* [THE RECORDS]

__________________________________________________

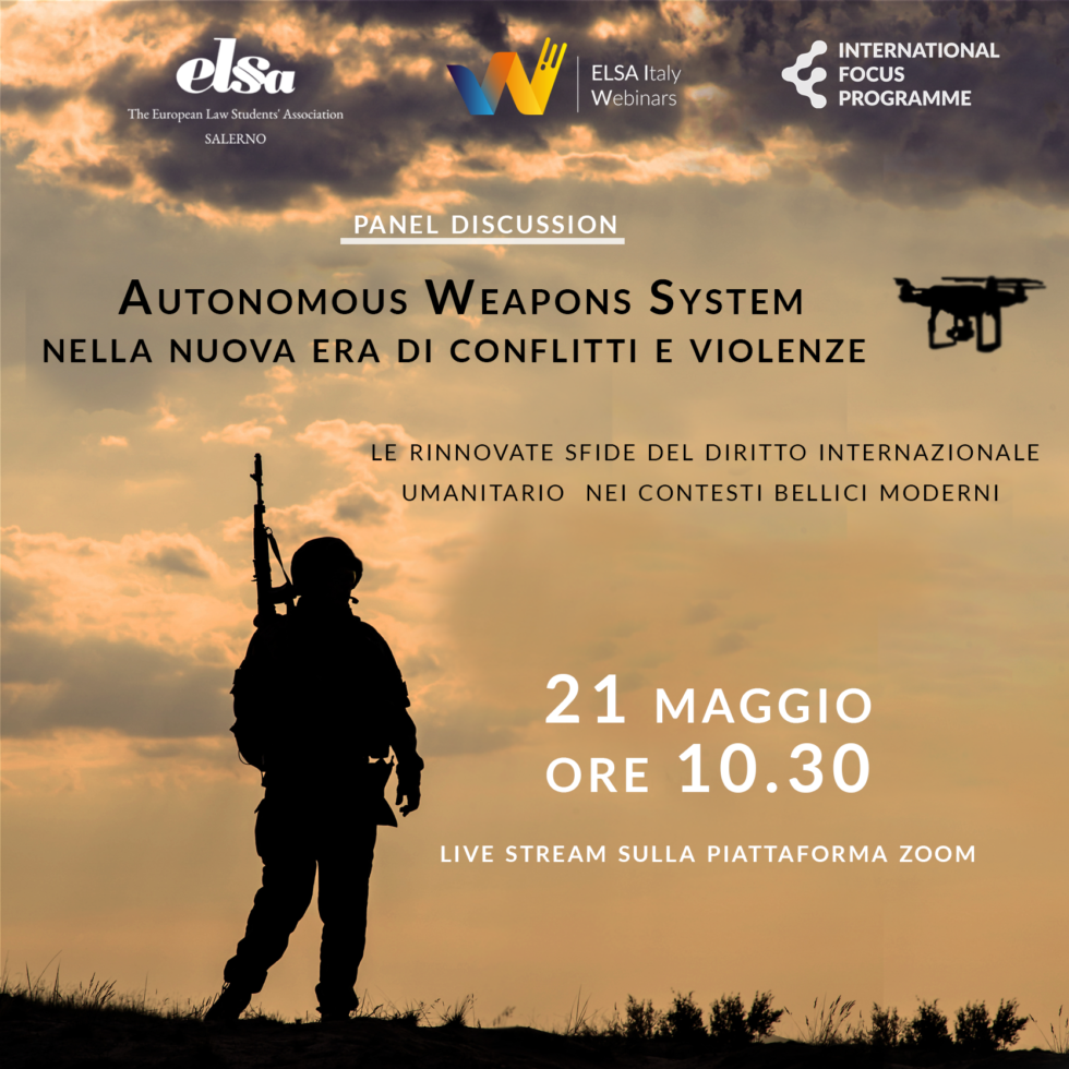 Siamo lieti di invitarvi alla Panel Discussion, dal titolo “Autonomous Weapons System nella nuova era di conflitti e violenze. Le rinnovate sfide del diritto internazionale umanitario nei contesti bellici moderni” che si terrà giovedì 21 maggio a partire dalle ore 10.30 sulla piattaforma webinar di ELSA Italia.
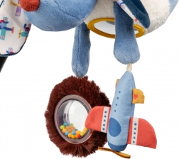 Hondje Jules biedt je baby veel prikkels voor de zintuiglijke ontwikkeling – van weerspiegelingen in het spiegeltje tot knisperende en rammelende effecten. Door de hangende uitvoering bevestig je het eenvoudig aan de kinderwagen, het autostoeltje of het ledikant, zodat je kind zich thuis en onderweg kan vermaken.
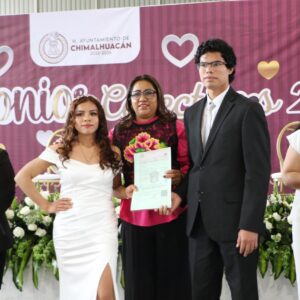 “Al dar certeza jurídica a la unión de una pareja, afirmamos nuestro compromiso de salvaguardar a nuestras familias y garantizar su bienestar. Y esto es precisamente lo que buscamos con este evento: ofrecer un trámite gratuito que permita consolidar la unión de las parejas mediante su formalización en el Registro Civil”, expresó la Presidenta de Chimalhuacán.
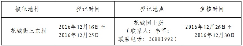 经省人民政府批准(粤国土资(建)字〔2016〕280号文),需将成人动漫 花城街三东村属下的集体土地2.9068公顷(合43.6020亩)征收为国有土地。现将经依法批准的《征收土地方案》和市人民政府批准的《征地补偿安置方案》内容以及有关事项公告如下:
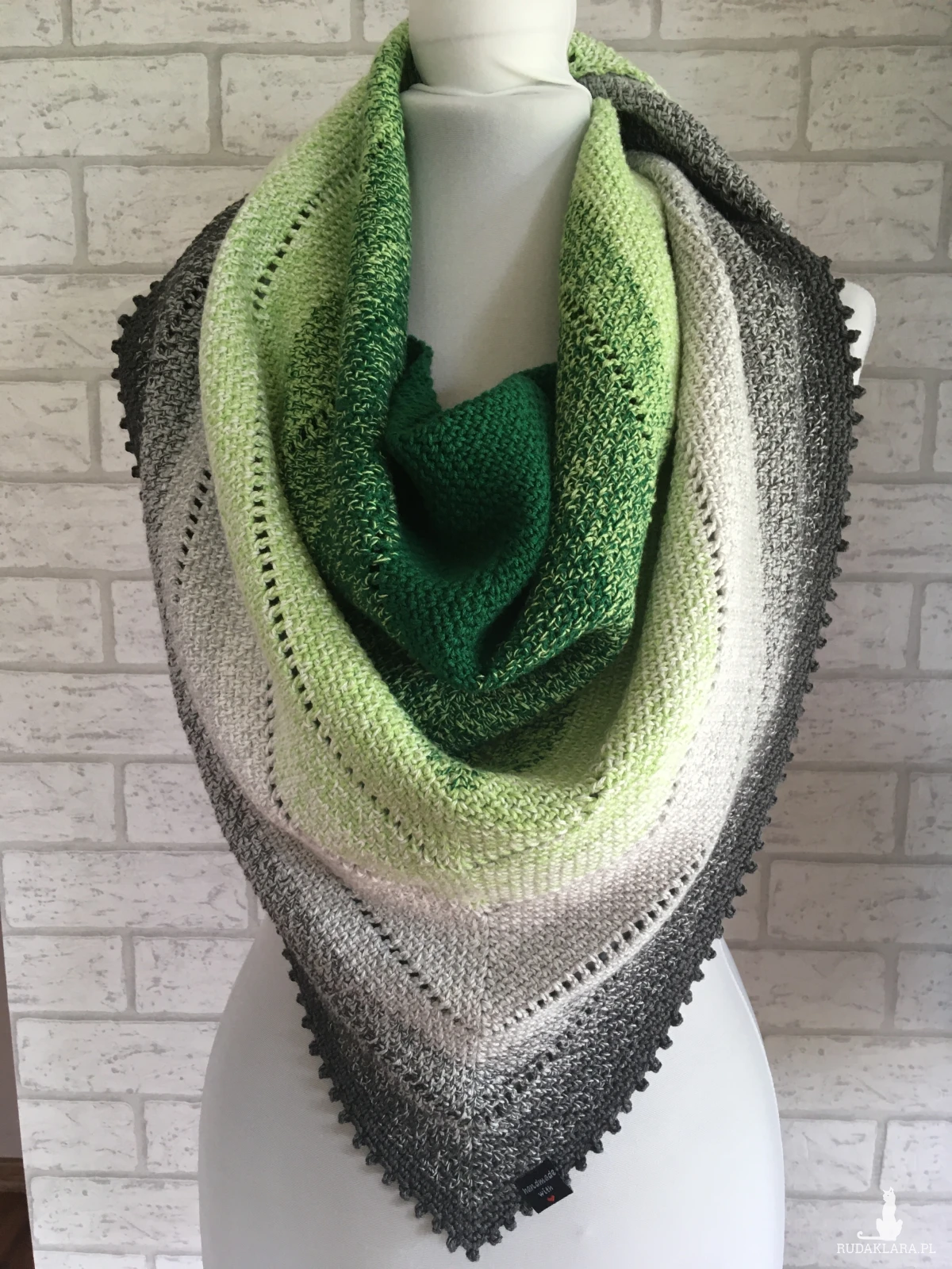 Piękna cieniowana chusta mech wykonana ręcznie na szydełku.
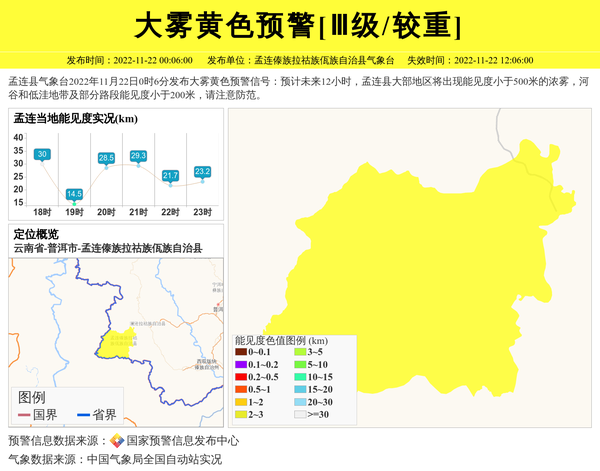孟连县气象台2022年11月22日0时6分发布大雾黄色预警信号:预计未来12小时,孟连县大部地区将出现能见度小于500米的浓雾,河谷和低洼地带及部分路段能见度小于200米,请注意防范。 信息来源:国家预警信息发布中心; 发布单位:孟连傣族拉祜族佤族自治县气象台。

__________________________________________________

* [WHAT IS BEING ASKED] Using the entries above, reproduce word for word only the lines from the one that contains "Hondje Jules biedt" to the one that contains "Piękna cieniowana chusta", both ends included, and drop every picture.

* [ANSWER SECTION]
 Hondje Jules biedt je baby veel prikkels voor de zintuiglijke ontwikkeling – van weerspiegelingen in het spiegeltje tot knisperende en rammelende effecten. Door de hangende uitvoering bevestig je het eenvoudig aan de kinderwagen, het autostoeltje of het ledikant, zodat je kind zich thuis en onderweg kan vermaken.
 “Al dar certeza jurídica a la unión de una pareja, afirmamos nuestro compromiso de salvaguardar a nuestras familias y garantizar su bienestar. Y esto es precisamente lo que buscamos con este evento: ofrecer un trámite gratuito que permita consolidar la unión de las parejas mediante su formalización en el Registro Civil”, expresó la Presidenta de Chimalhuacán.
 经省人民政府批准(粤国土资(建)字〔2016〕280号文),需将成人动漫 花城街三东村属下的集体土地2.9068公顷(合43.6020亩)征收为国有土地。现将经依法批准的《征收土地方案》和市人民政府批准的《征地补偿安置方案》内容以及有关事项公告如下:
 Piękna cieniowana chusta mech wykonana ręcznie na szydełku.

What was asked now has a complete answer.